Ash Wednesday is not just a time to meditate on our mortality or to confess our individual sin and failings, but it is also a time when we should focus on our social sins and sins against other people in the things we have done and the things we should have done and the things we left undone.
Ash Wednesday is a time when we are reminded that in the Lenten Discipline God’s desires for us have nothing to do with what we “give up” but has everything to do with taking on a more disciplined concern for meeting the needs of the afflicted concretely.
Isiah makes it clear that the worship God desires is both inescapably social and compellingly personal. Lent calls us to “loose the bonds of injustice, to undo the thongs of the yoke… to share our bread with the hungry, and bring the homeless person into our homes…
“Authentic worship is not a matter of elegant ritual of self-congratulatory piety. It is a matter of both social justice and costly personal concern for the bruised and broken world.”
Psalm 51 reminds us that Lent is a time of self-reflection and penitence, a time to acknowledge our sinfulness and the constant need for God’s grace and mercy in our lives and the lives of others.
The Psalm reflects our reality as Christians. We are sinners. We do things that drive us away from God, and we do things that hurt others in our lives.
This time of Lent is to be a time of thoughtful reflection and penitence. Although we practice this all throughout the year, Lent lends itself to a more careful examination. We are called to confess the ways we “have not loved you with our whole heart; we have not loved our neighbors as ourselves.” We need to come to the realization of our utter dependence on God.

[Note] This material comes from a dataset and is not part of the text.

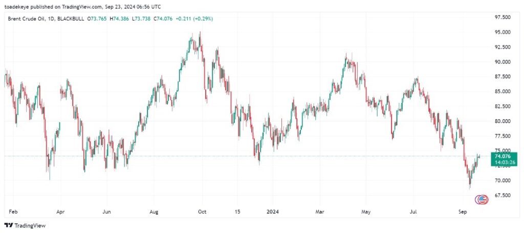 Oil prices ended lower on Friday but marked a second consecutive week of gains, bolstered by a U.S. interest rate cut and a decrease in U.S. supply. Brent futures settled at $74.49 a barrel, down 0.52%, while U.S. WTI crude futures closed at $71.92, down 0.4%. However, both benchmarks rose over 4% for the week. Typically, interest rate cuts lead to a weaker dollar, which can stimulate economic activity and increase energy demand.

The recitation of Psalm 51 is a central part of the service of Ash Wednesday as well as a Litany of Penitence or a Prayer of Confession. The Litany and Prayer are reminders to us of the ways we have separated ourselves from God and one another.
Almighty God, we confess that we are often swept up in the tide of our generation. We have failed in our calling to be your holy people, a people set apart for your divine purpose. We live more in apathy born of fatalism than in passion born of hope. We are moved more by private ambition than by social justice. We dream more of privilege and benefits than of service and sacrifice. We try to speak in your name without relinquishing our glories, without nourishing our souls, without relying wholly on your grace. Help us to make room in our hearts and lives for you. Forgive us, revive us, and reshape us in your image. Amen.
May the Almighty and merciful God, who desires not the death of a sinner but that we turn from wickedness and live, accept your repentance, forgive your sins, and restore you by the Holy Spirit to newness of life. Amen.
The culmination of the Service of Ash Wednesday is the imposition of ashes with the minister making the sign of the cross on each forehead with the words, “Remember thou art dust and to dust thou shall return.”
Almighty God, you have created us out of the dust of the earth. Grant that these ashes may be to us a sign of our mortality and penitence, so that we may remember that only by your gracious gift are we given everlasting life; through Jesus Christ our Savior. Amen.
As we begin this season of self-reflection let us follow the Psalmists example by focusing on how we are failing to live as God calls us to live and how we are in constant need of salvation and redemption that can only come from God.